You can easily find resources for how to develop a mission-minded AI policy online (like the AI Resource Hub available via NTEN). You can technically even ask AI to help you generate one to start.

I don’t necessarily recommend doing that last one. Instead I’d suggest an in-to-out approach in generating a distinct AI policy that’s truly bred from your organization’s DNA. To get there:

  • Start by addressing those questions in full from the prep step

  • Drill down your team’s AI Values. This will likely include some of your broader org values, but is intended to answer ‘What kind of AI organization do we want to be’. (For ex. What’s your equity approach, if any? What will you do to mitigate against potential bias with AI use?)

  • Your values become the skeleton. From there, you can better drill down the policy points you want institutionalized at your organization. This is where external research can come in

By this point, you’ll have less anxiety about AI becoming a wild west at your org – because you’ve already spelled out the role it should play, and you will have taken a first pass at clarifying all the expectations surrounding it.

The AI Planning Work

The final step for getting started with AI is laying out the roadmap for how to get there. And guess what? You have more options here than you might think.

An “experimentation” roadmap

Typically when we talk tech implementations, we’re talking about a significant investment of time & resources into new tools or strategy. This often takes weeks or months of discovery, careful consideration, and a hard sell to your finance team to get that contract amount sign-off.

This approach can work for orgs who seek to use AI in a systematic and structured way. It certainly helps protect against speed-driven project mistakes that can create waste and erode trust.

But it’s also true that AI is “expensive” in a way that’s hard to quantify right now. While some of the largest providers do offer nonprofit tiers — like Claude for Nonprofits — orgs still need to be prepared for those license costs. (That is, if your impact org even qualifies as a nonprofit).

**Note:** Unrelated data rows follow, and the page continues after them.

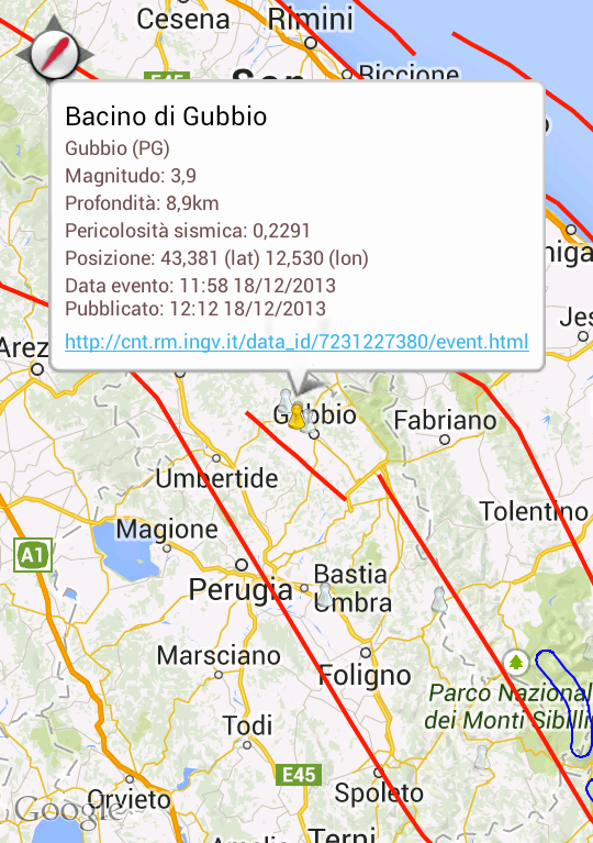 Scossa di terremoto a Gubbio di magnitudo 3.9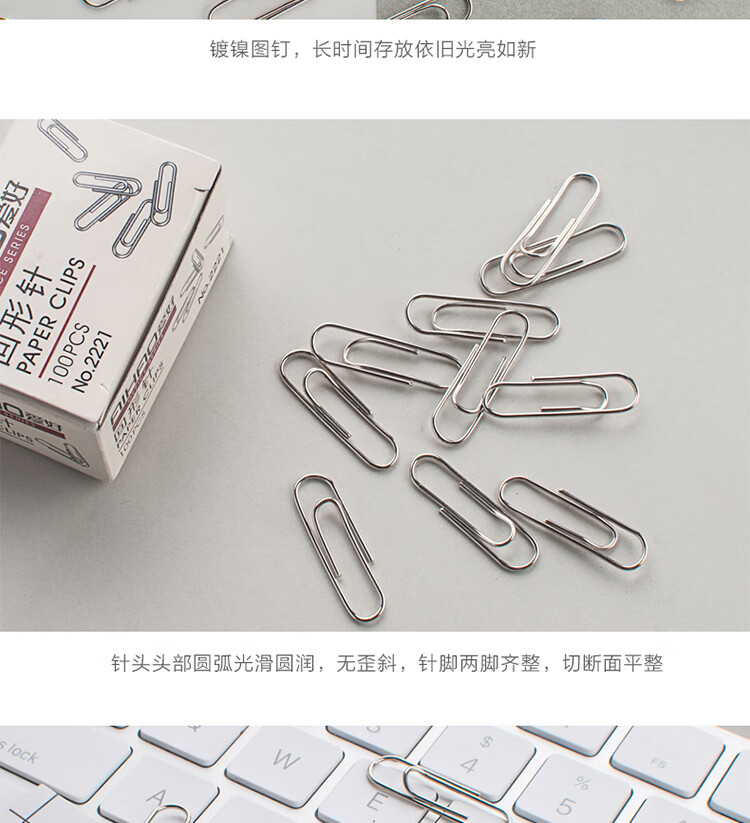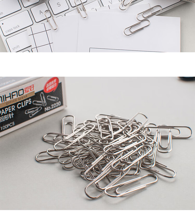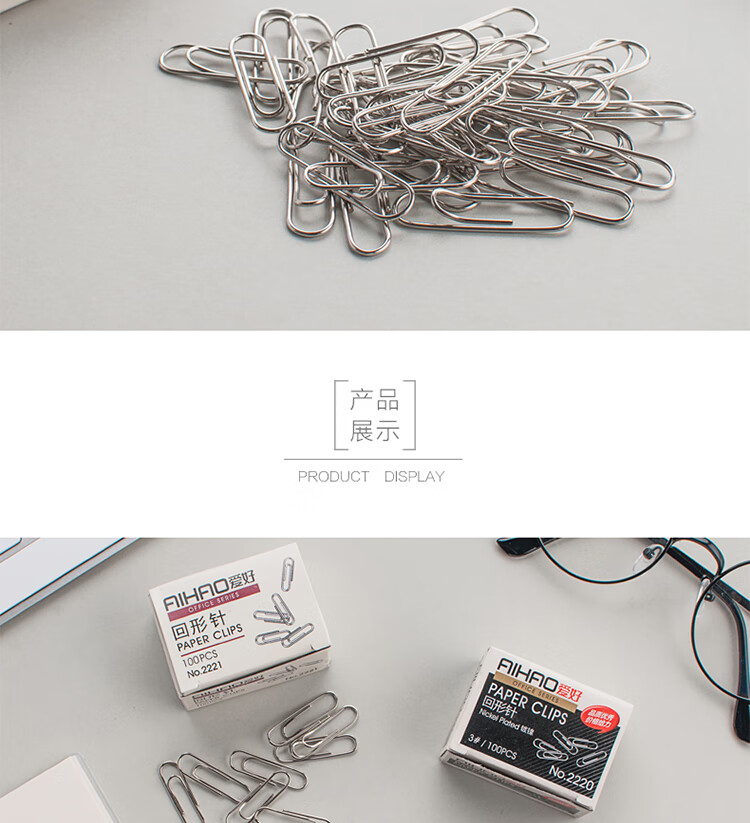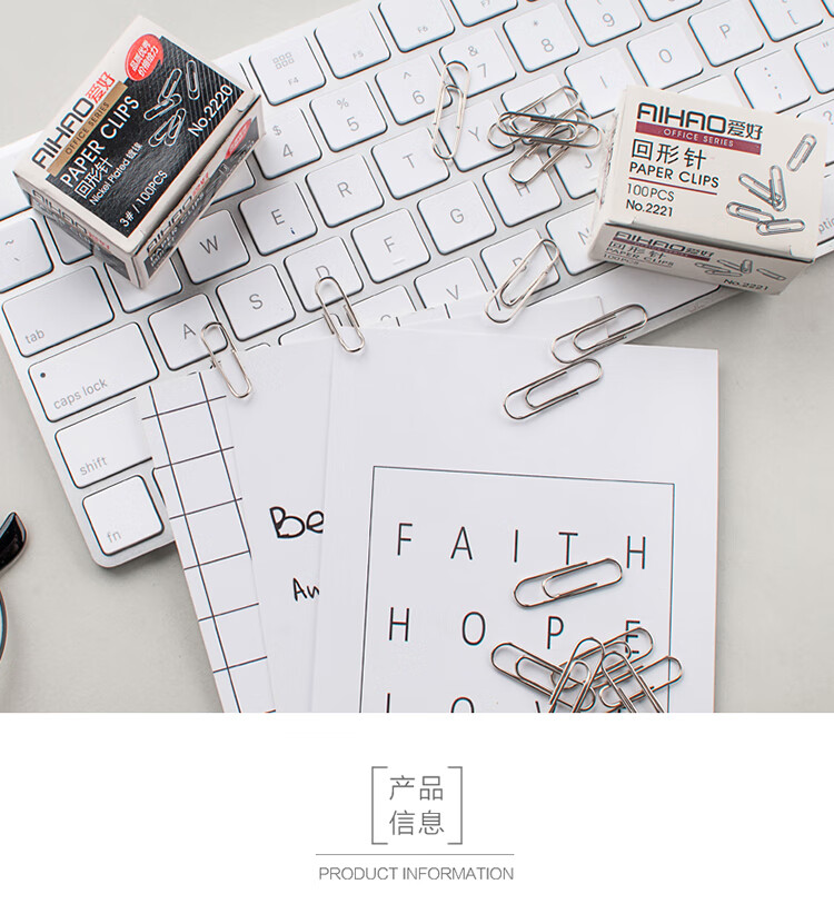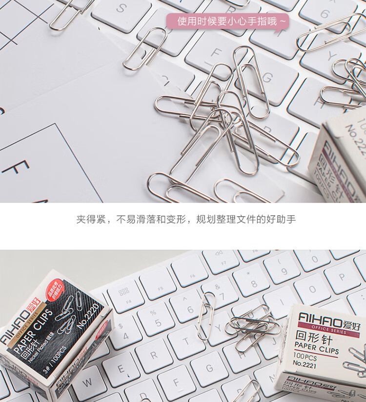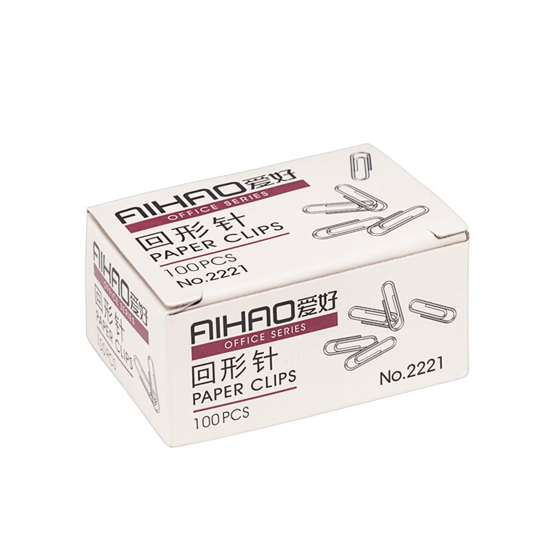 爱好(AIHAO)办公用品金属回形针防锈曲别针100枚/1盒 (回形针100枚)1盒2221** 自营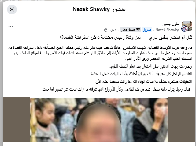الحادثة، التي انتشرت تحت عنوان انتحار قاضي الإسكندرية، أعادت طرح تساؤل مهم: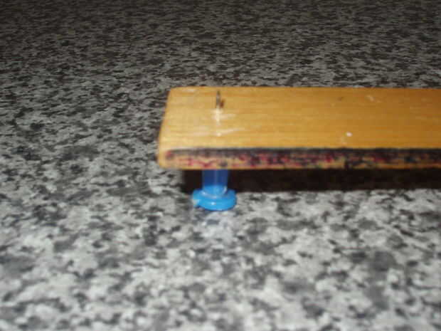 Inicio insertar un dedo pulgar de la tachuela en el extremo de la regla.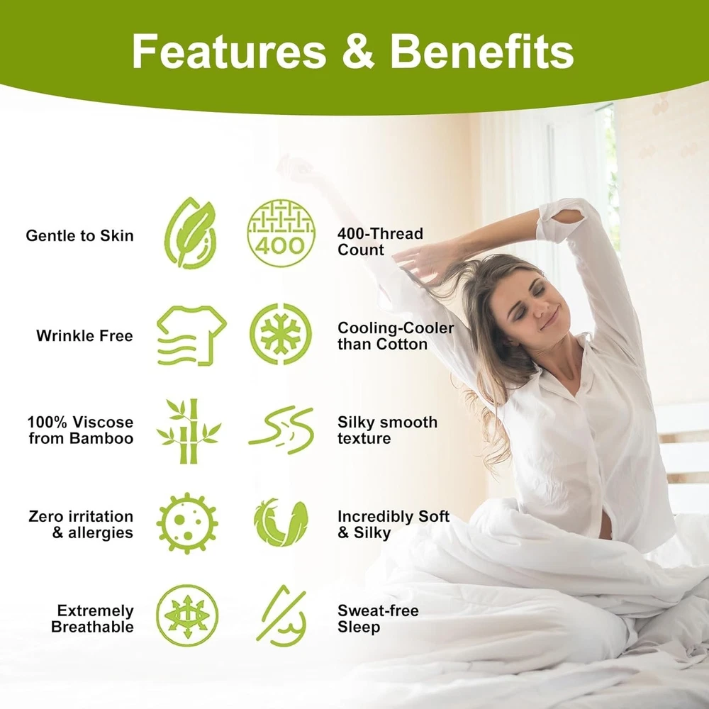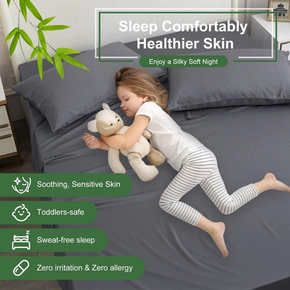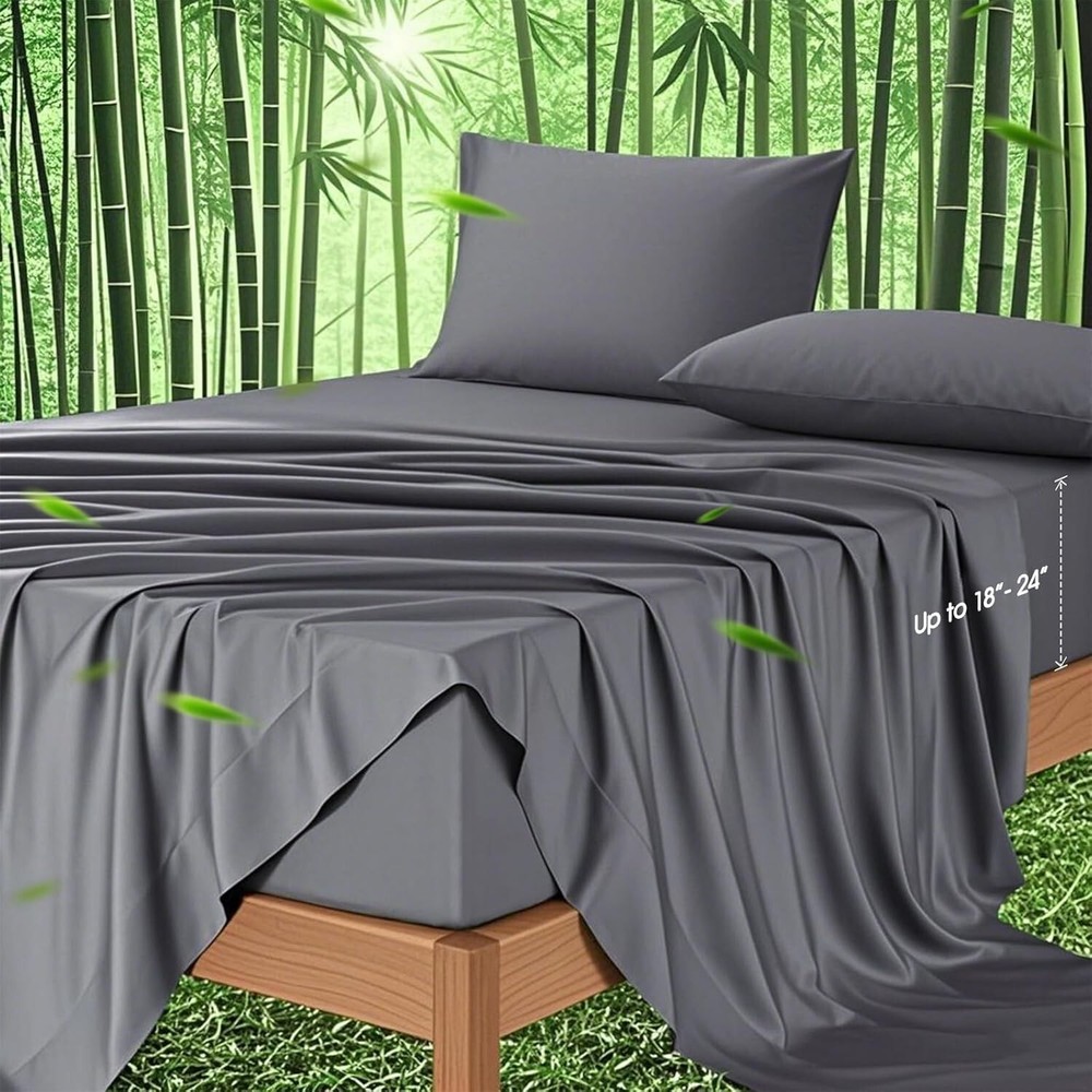 Deep Pocket King Sheets Rayon Bamboo Cooling Soft Breathable Hotel Luxury ‹ › ‹ › ‹ › ‹ › ‹ › ‹ › ‹ › ‹ › ‹ › ‹ › ‹ › Deep Pocket King Sheets - Rayon Bamboo Cooling Soft Breathable Luxury Experience the Luxury of Comfort Indulge in a truly restful night's sleep with our Cooling Bed Sheets Set , designed for those who appreciate the finer things in life. Made from 100% Rayon derived from Bamboo, these sheets boast a luxurious, silky feel that transforms your bed into a sanctuary for relaxation. Key Features: 100% Rayon from Bamboo for irresistible softness. Breathable cooling fabric that adapts to body temperature, ensuring all-season comfort. Extra deep pocket fitted sheets compatible with mattresses up to 24" deep. 4-piece set includes 1 flat sheet (108"x102"), 1 fitted sheet (78"x80"), and 2 pillowcases (20"x40"). Durable and machine washable; shrink and fade resistant. Benefits: Enjoy the smooth, cooling sensation that bamboo rayon provides, keeping you cool during hot nights. Quick-drying and absorbent material keeps you comfortable and prevents overheating. Extra deep pockets ensure a snug fit on all mattresses, including thick and pillow-top styles. Softness improves with every wash, promising increasingly cozy evenings. Hypoallergenic properties make it an ideal choice for sensitive sleepers. Elevate Your Sleep Experience Say goodbye to restless nights and wake up feeling refreshed with our Deep Pocket King Sheets Set. With a luxurious feel akin to the finest silk or cotton, these cooling sheets will redefine your sleeping experience. Each detail is meticulously crafted to offer you comfort and support, making bedtime something to look forward to every night. Transform your bedroom into a luxurious retreat with our sheets that embrace you in softness while adapting to the rhythms of your body. Don't settle for less—choose the epitome of comfort and elegance for your sleeping sanctuary. Shipping Free & Fast Shipping - We offer free shipping to most of the USA with a normal delivery time of 3-7 days. However, due to the current situation, additional delivery time (up to 3 weeks) may be required for some items. Alternative Carriers - We may use alternative carriers (e.g. USPS, FedEx, UPS, etc.) to ensure your package arrives safely and on time. Due to the use of multiple carriers, we are unable to provide a tracking number automatically. Handling Time - Orders are processed and shipped within 1-2 business days of receiving cleared payment. Shipping Restrictions - Shipping to Alaska, Hawaii, Puerto Rico, Guam, and other US territories may incur shipping charges or delivery restrictions. Please contact us before ordering, or your order can be refunded/cancelled. State Restrictions - There may be restrictions based on your state of purchase. For example, certain items may not be shipped to California due to state regulations. Contact for Tracking Updates - If you require tracking updates or have any concerns about the delivery of your order, please feel free to contact us, and we will be happy to assist you. Return 30-Day Hassle-Free Returns - We want you to be completely satisfied with your purchase. If you are not, you can return the item within 30 days of receiving it for a full refund or exchange. Easy Return Process - To start a return, simply contact us and we will provide you with a prepaid return shipping label and detailed instructions. Restocking Fee - There are no restocking fees for returns. However, the buyer is responsible for return shipping costs if the return is not due to a seller's error. Refund Processing Time - Refunds will be processed within 5 business days of receiving the returned item in its condition. Payment We accept all major credit cards, PayPal, and Apple Pay for your convenience. Your payment information is secure and encrypted to ensure a safe and seamless transaction. Please complete your payment within 3 days of purchase to avoid any delays in shipping. Feedback Your feedback is extremely important to us. We strive to provide the best products and customer service possible. If you are satisfied with your purchase, please take a moment to leave us a positive review. If you have any concerns or issues with your order, please contact us before leaving negative feedback. We are committed to resolving any problems and ensuring your satisfaction. Contact Us If you have any questions or concerns, please feel free to out to our customer support team. You can contact us through the eBay messaging system. We are available Monday to Friday, 9:00 am to 5:00 pm EST, and we will do our best to respond to your inquiry within 24 hours. Buy it now and enjoy a pleasant shopping experience! Unit Quantity: 1 Material: Bamboo,Rayon Features: Breathable,Cooling,Deep Fitted,Hypoallergenic,Machine Washable Theme: Luxury Care Instructions: Machine Wash,Tumble Dry Department: Unisex Baby & Toddler,Kids,Teens,Adults Room: Bedroom Size: King Type: Sheet Set Color: Grey Pattern: Solid Thread Count: 200 or Less Style: Modern Shape: Rectangular GSM (Grams per Square Meter): 301 to 450 Unit Type: Unit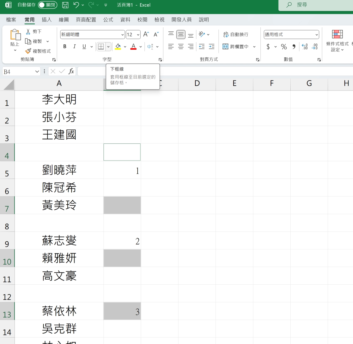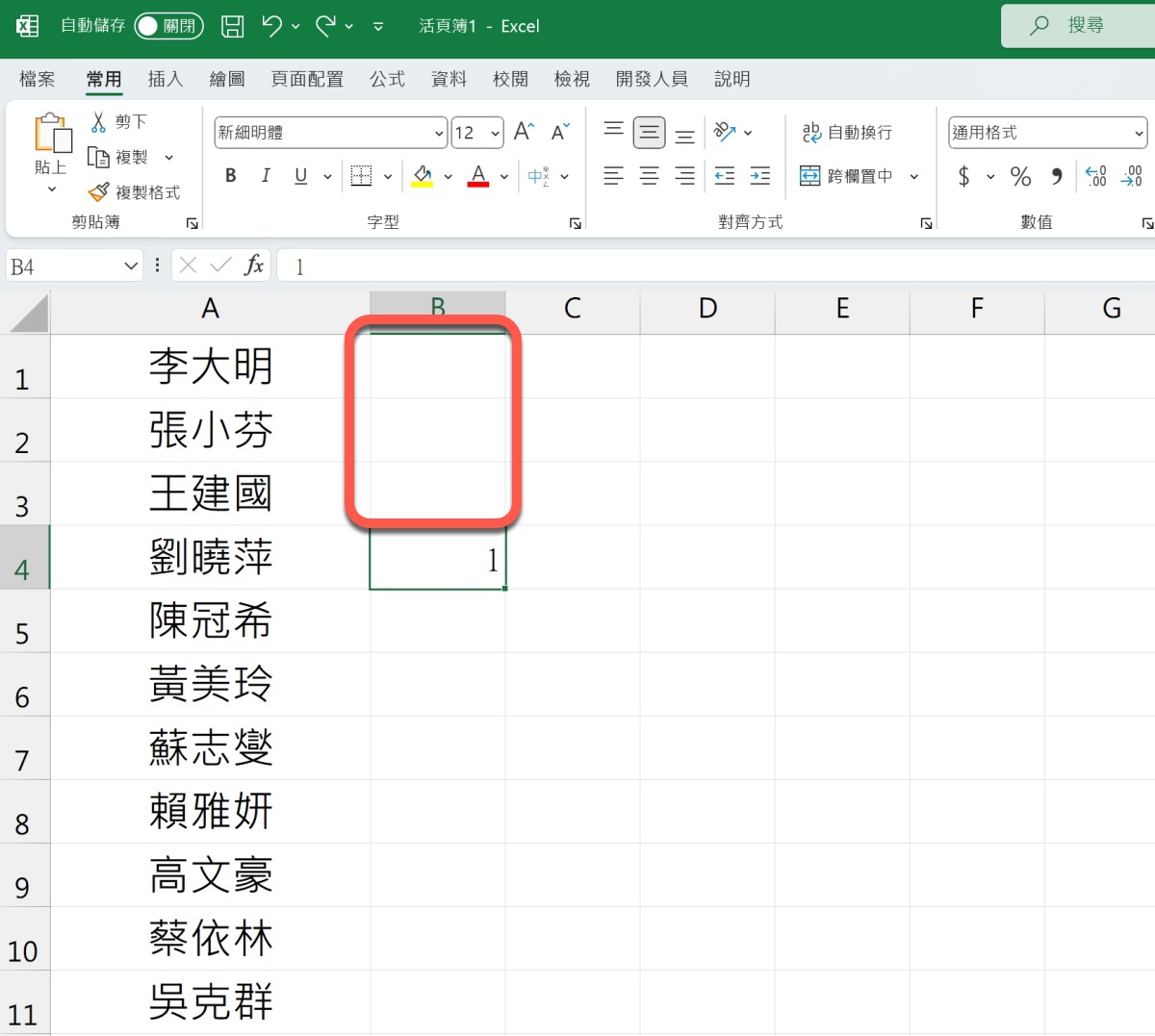 首先,我們以每三行空一行為例,先在要空行的資料旁,如果要每三行,那麼第一區就空掉三格後輸入 1。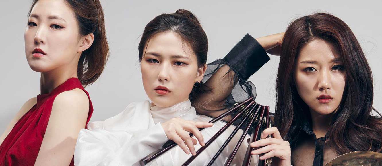 The female percussion trio, explorers of the Gugak tradition. Inspired and virtuosic, Groove& explores the infinite richness of Gugak, a term that encompasses Korea's great musical and choreographic traditions—from court music to folk songs, shamanic rituals, and theater. Groove&'s uniqueness also lies in the composition of the group, a female percussion trio, at a time when women are rarely present in the Gugak tradition. Their performances are brimming with musicality and harmonic and rhythmic inventiveness, delivered with a mastery that requires both finesse and skill, a sense of improvisation, and a scholarly interpretation of complex arrangements.

Then, once you’re in, there’s the question of how far your team’s tokens will actually stretch. (The more complex the task is for an AI tool, the more “tokens” get consumed. Your licenses only include a set amount of tokens.) Workflows that use up tokens quickly can easily put your team in an awkward spot and jeopardize the actual work.

So if your org isn’t prepared to take that traditional tech approach I mentioned above, that’s understandable. You may be better off taking more of a lite experimental approach, where you:

  • Make easy use of AI tools that are already available to your team. For example, Google’s Gemini models perform well enough and come already baked into your team’s Google Workspace suite.

  • Make use of new AI tools, without inputting personal data, sensitive data, or intellectual property. There are plenty of generative AI applications that are not reliant on sensitive info – like online research, or certain types of data aggregation. Identifying those opportunities with your team can help them individually make good use of AI, while building more of the case for going all in.

  • Establish a culture of feedback and learning around your team’s AI use. Give space for your team to share the ways that they’ve found AI helpful for their workflows, or where they have questions about how to safely introduce it.

Ultimately, remember that your best friend here is the actual plan. Decide which approach to take, document, and timeline out your milestones and desired progress as if it were any other tech rollout.

To Wrap This Up

An AI plan isn’t likely to assuage everyone’s hangups about this revolutionary technology. But a plan sourced with intentional prep work and a guiding policy framework should help relieve some of the stress.